Once in a while, it's okay to take time just for yourself.  I don't mean leaving it all behind and traveling around for a while to clear your head, although that's not a bad idea.  I mean actually doing something meaningful just for yourself. Because you know what, folks? If you don't do something for yourself, you may find that nobody else is going to do anything for you.

Here are some ideas to help you relax and enjoy a small part of your day or week so you tell yourself that you are special (channeling Mr. Rogers here!)

Take a walk around the YARD.  This can be your own yard, a nearby field, or a city greenspace.  While there, immerse yourself in sensory stimulation.  Listen to the birds, smell the flowers, look for unusual shapes or colors, touch something soft, hard, and even scratchy. And if there is a food truck in the area, indulge yourself in one of their treats.  If not, bring along a peppermint or caramel candy to suck on.  Every time you pop another one in your mouth, you’ll remember the peaceful stroll around the "YARD."

OBTAIN a journal.

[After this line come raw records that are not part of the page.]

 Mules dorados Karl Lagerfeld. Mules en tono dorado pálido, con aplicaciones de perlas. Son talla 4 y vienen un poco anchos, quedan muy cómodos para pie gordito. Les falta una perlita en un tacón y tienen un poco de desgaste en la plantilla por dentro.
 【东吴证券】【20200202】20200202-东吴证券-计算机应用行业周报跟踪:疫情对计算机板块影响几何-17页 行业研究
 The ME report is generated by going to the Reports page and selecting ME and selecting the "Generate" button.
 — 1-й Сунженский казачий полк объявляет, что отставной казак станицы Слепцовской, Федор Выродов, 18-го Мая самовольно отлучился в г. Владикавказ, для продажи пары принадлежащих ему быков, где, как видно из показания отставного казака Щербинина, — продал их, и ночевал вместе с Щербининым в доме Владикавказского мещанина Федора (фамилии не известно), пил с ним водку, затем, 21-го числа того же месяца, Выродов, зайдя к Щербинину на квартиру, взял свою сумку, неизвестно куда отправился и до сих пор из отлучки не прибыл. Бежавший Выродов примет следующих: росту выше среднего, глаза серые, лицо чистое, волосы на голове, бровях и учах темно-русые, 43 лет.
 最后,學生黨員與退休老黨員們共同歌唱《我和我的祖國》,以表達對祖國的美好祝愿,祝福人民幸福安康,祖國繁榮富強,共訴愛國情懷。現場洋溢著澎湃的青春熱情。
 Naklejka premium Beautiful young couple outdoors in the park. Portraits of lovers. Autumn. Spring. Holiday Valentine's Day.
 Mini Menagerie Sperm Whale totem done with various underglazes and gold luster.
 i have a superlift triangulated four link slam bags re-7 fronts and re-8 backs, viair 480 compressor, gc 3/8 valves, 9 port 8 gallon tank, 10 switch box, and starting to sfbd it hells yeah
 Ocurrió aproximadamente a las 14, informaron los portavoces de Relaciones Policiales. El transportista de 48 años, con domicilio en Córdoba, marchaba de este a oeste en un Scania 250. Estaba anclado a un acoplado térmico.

Make it your own style – colorful, leather, or simply marble-covered!  This is more than a this-is-what-I-did-today journal.  This is a gratitude journal.  Take some time to list the things that make you happy, that are good in your life, that help you to feel fulfilled.  List the people in your life and how they help you to become a better person.  Recall all the pets you have had and how much fun you had with them.  When you do this, you validate your own existence by validating the existence of a beloved item, a person, or a pet. 

UNPACK your mental suitcase. You say you don’t have a mental suitcase?  Everybody does!  It’s where you store your negative thoughts – those nagging grudges, unhappy memories, and general worries about what will happen tomorrow. It's also where you store your happy memories of better times.  Get rid of the negative items in your suitcase and keep the positive. To help you with this task, draw a picture of a suitcase in the middle of the paper.  On one side, list all your negative thoughts.  On the right side, list all your positive thoughts, perhaps those you listed in your journal.  Now rip (yes rip – don’t cut – it makes this exercise so effective!) the negative contents off your paper.  Rip them into smaller pieces and throw them away.  Now you’re left with a wonderful image of wonderful things in your wonderful mental suitcase.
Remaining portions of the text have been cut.